Нельзя не отметить геройского отказа от вечернего чая со стороны Алекс<ся> Васильевича. Скрепя сердце он начинает исправляться. М. В.
Добавление. Нельзя не отметить исключительного внимания жителей Варшавы к нам, путешественникам, и в особенности к Максу. Оный надел свой синий плащ и, размахивая его полами, быстрыми энергичными шагами ходил по улицам. Публика, пораженная его сверхчеловеческим видом, рассыпалась при его приближении и потом долго провожала испуганными взглядами широко раскрытых удивленных глаз. В. И.
29 мая (11 июня) 1900. 3-й день пути. Вена.
Часам к 9-ти утра мы по унылой стране подъезжали к австрийской границе.
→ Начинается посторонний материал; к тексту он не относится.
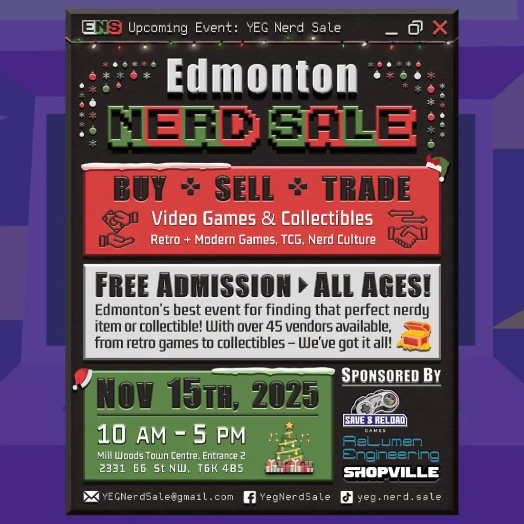 Hey Edmonton! As the main sponsors for this event, we’re thrilled to announce the Edmonton Nerd Sale is coming up fast on November 15, 2025, at Mill Woods Town Centre (Entrance 2, 2331 66 St NW, T6K 4B5). The show itself is bigger than ever, and so is our booth!

Перед самым выходом на границе мне пришла пагубная мысль проглотить одну хинную лепешку в 3 грана. Последствия получились довольно печальные. Я долго не мог прийти в себя от этого вкусного лекарства. Воспользовавшись стоящим на платформе автоматом, мы получили за 10 heller порцию Erfrischung bonbons {Освежающих леденцов (нем.).}, которые своим вкусом вполне нейтрализовали вкус хины у меня и произвели подобное последней действие на моих коллег. Для покупки хлеба были отряжены князь и Макс. Князь робко обратился к буфетчице со словами: "Brot" -- и получил ломтик хлеба, тогда он столь же робко заметил, что ему надо viel melir {Много больше (нем.).}, но неожиданно получил кусочек еще меньше. В заключение всего, была заключена крайне невыгодная для нас покупка куска хлеба за 1/2 гульдена, которую князь наивно счел равной 30 к<опейкам>. Макс ограничился ролью наблюдателя.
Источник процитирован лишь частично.